= Average earnings index (horse racing) =

Average earnings index (AEI) is a popular statistic used in North American Thoroughbred horse breeding. It is used to put the earnings of a breeding animal's progeny into proper perspective.

==Method==
The average earnings index measures the earning power of a stallion or mare's offspring by comparing the average earnings of a given horse's progeny with all other runners of the same age that raced in the same country in a given period of time. The average is stated as a value of 1.00. The AEI is calculated for each year a horse has offspring racing and can be averaged for all years that horse has had first generation descendants on the track.

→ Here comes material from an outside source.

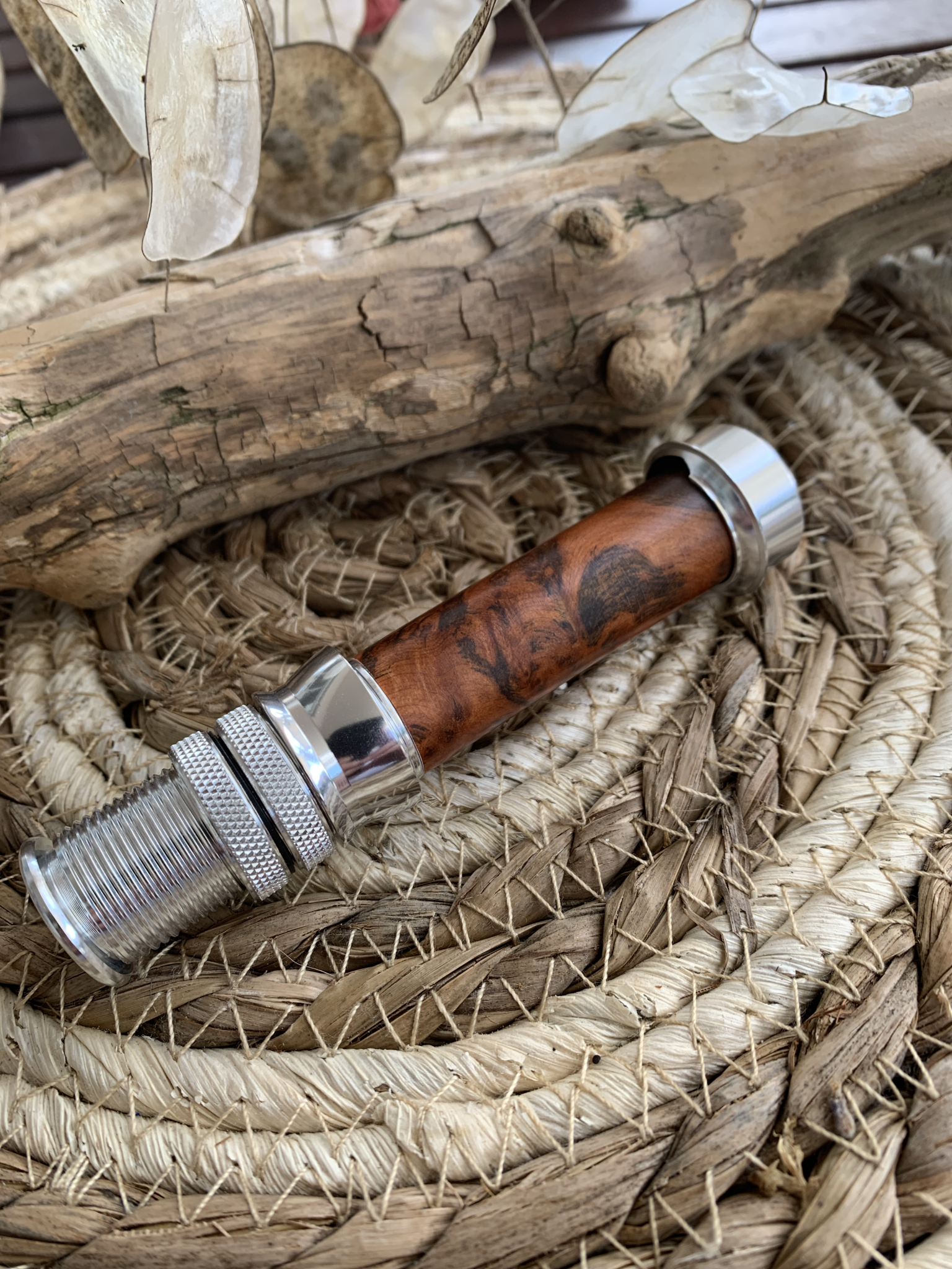 Geschwungene Kanten und fliessende Übergänge im Design machen diesen Rollenhalter zum Hingucker auf jeder Rute.

The AEI can be used for additional comparisons, such as the composite AEI of a sire or damsire based on all of his progeny. Another way it is used is to compare stallions from one generation to the next, because it compensates for the changing value of currency over time.

==Development==
The AEI was developed in 1948 by Joe Estes of The Blood-Horse magazine. It originally could only be used to calculate numbers for sires and, beginning in the 1950s, broodmare sires. It was only with the addition of computer power beginning in the 1970s and 1980s that a full analysis of mares could be added to the equations and determine the AEI for various crosses.

==Criticism==
Although considered by some an industry standard, the AEI is criticized as easily skewed by the influence of a single exceptional horse in a given year and favors horses that throw "durable types" of horses that have multiple starts in a given year, including at lower-level races.

==Examples==
A stallion's career AEI can be found by looking up the pedigree of any of their offspring in The Jockey Club's online pedigree database, equineline.com. The AEI figures for various leading American sires are:
- Bold Ruler (leading sire from 1963 to 1969 and 1973) – 7.86
- Nasrullah (1955, 1956, 1959, 1960) – 5.81
- Alydar (1990) – 5.11
- Nijinsky – 4.49
- Bull Lea (1947-9, 1952–3) – 4.37
- Northern Dancer (1971, 1977) – 4.11
- Danzig (1991-3) – 3.93
- Mr. Prospector (1987-8) – 3.91
- Storm Cat (1999, 2000) – 2.95
- Halo (1983, 1989) - 2.91
- A.P. Indy (2003, 2006) – 2.88

As noted above, a stallion's career AEI can be found by looking up the pedigree of any of their offspring in The Jockey Club's online pedigree database, equineline.com. Sunday Silence's career AEI, according to the Jockey Club's online pedigree database (which includes all career earnings throughout the entire world), equineline.com, is 2.55. Sunday Silence's career AEI, according to Racing Post, is 2.15. However Racing Post warns details of horses trained outside GB and Ireland may be incomplete.